• _DIRECTIONS FOR THIS TASK_:
Using the records that follow, copy every line containing the word "ظريف".

• _DATA FOR THIS TASK_:
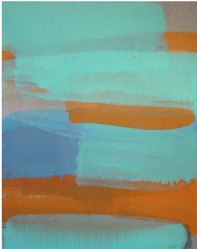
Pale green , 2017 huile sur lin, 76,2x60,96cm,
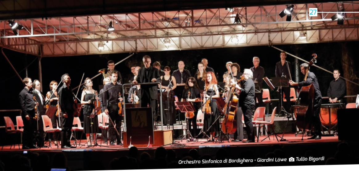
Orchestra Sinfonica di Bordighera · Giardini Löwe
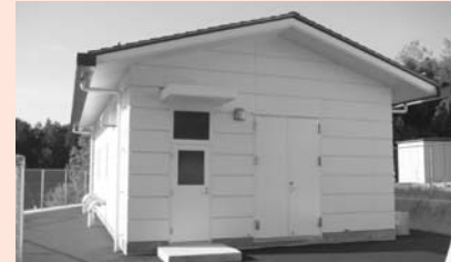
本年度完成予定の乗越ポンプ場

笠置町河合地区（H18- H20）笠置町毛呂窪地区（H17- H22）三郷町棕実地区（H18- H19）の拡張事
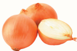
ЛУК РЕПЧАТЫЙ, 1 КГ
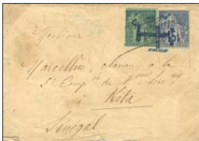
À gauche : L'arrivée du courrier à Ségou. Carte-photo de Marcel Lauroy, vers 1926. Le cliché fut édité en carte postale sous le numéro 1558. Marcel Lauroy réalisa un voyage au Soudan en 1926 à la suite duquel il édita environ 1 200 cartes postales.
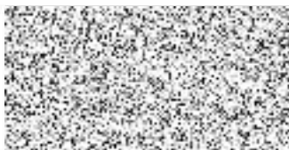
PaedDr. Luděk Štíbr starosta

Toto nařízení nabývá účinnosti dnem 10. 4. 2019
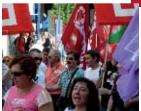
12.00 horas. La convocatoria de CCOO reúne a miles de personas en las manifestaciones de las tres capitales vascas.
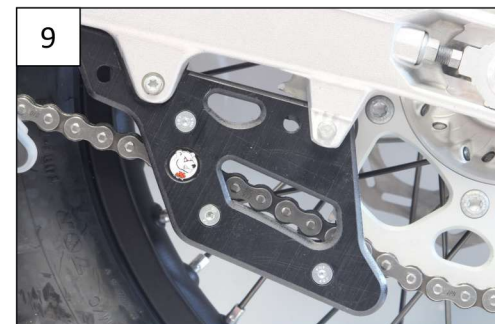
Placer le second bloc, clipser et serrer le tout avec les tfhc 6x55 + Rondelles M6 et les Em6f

---

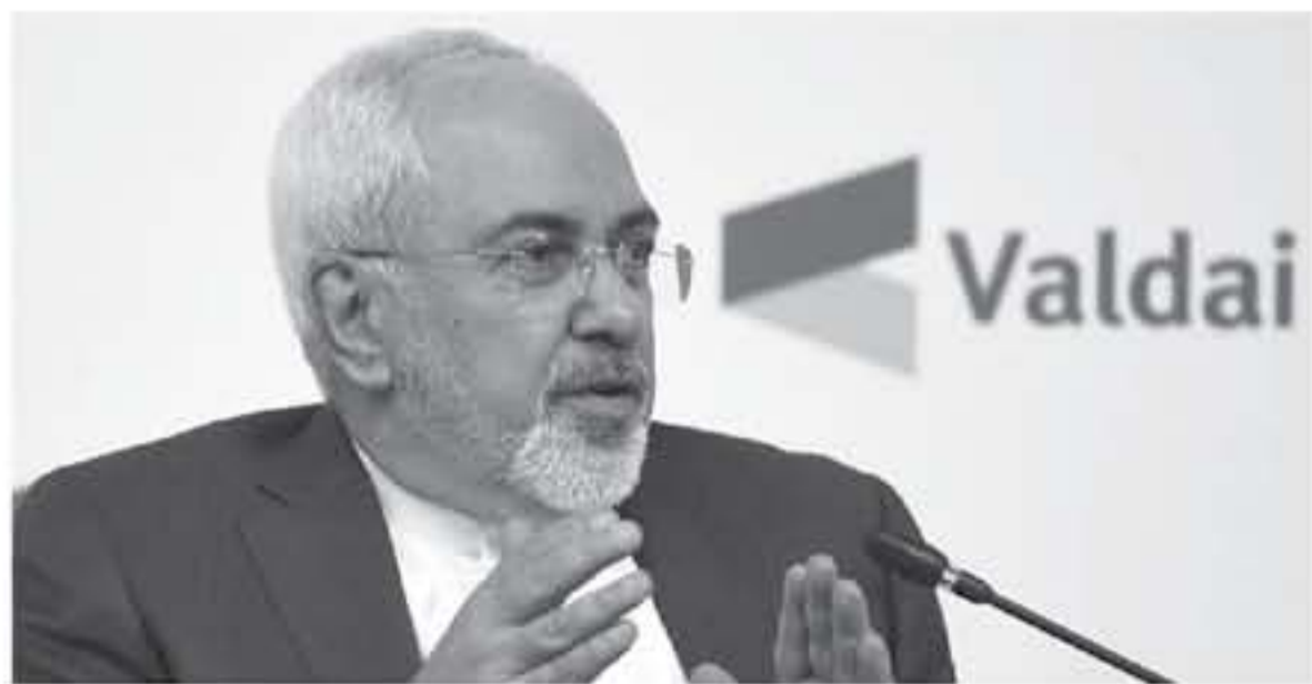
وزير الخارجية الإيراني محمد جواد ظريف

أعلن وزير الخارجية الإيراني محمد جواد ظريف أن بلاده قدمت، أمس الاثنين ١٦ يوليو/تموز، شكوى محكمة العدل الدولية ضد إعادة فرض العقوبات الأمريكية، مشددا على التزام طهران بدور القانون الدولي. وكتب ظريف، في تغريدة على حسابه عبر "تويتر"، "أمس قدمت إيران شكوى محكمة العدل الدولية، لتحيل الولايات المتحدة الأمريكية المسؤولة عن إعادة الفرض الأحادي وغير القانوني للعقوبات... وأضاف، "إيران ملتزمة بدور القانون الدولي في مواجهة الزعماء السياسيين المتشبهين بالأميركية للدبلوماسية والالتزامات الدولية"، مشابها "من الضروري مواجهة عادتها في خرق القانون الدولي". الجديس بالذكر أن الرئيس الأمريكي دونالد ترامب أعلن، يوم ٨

• _RESULT FOR THIS EXERCISE_:
وزير الخارجية الإيراني محمد جواد ظريف
أعلن وزير الخارجية الإيراني محمد جواد ظريف أن بلاده قدمت، أمس الاثنين ١٦ يوليو/تموز، شكوى محكمة العدل الدولية ضد إعادة فرض العقوبات الأمريكية، مشددا على التزام طهران بدور القانون الدولي. وكتب ظريف، في تغريدة على حسابه عبر "تويتر"، "أمس قدمت إيران شكوى محكمة العدل الدولية، لتحيل الولايات المتحدة الأمريكية المسؤولة عن إعادة الفرض الأحادي وغير القانوني للعقوبات... وأضاف، "إيران ملتزمة بدور القانون الدولي في مواجهة الزعماء السياسيين المتشبهين بالأميركية للدبلوماسية والالتزامات الدولية"، مشابها "من الضروري مواجهة عادتها في خرق القانون الدولي". الجديس بالذكر أن الرئيس الأمريكي دونالد ترامب أعلن، يوم ٨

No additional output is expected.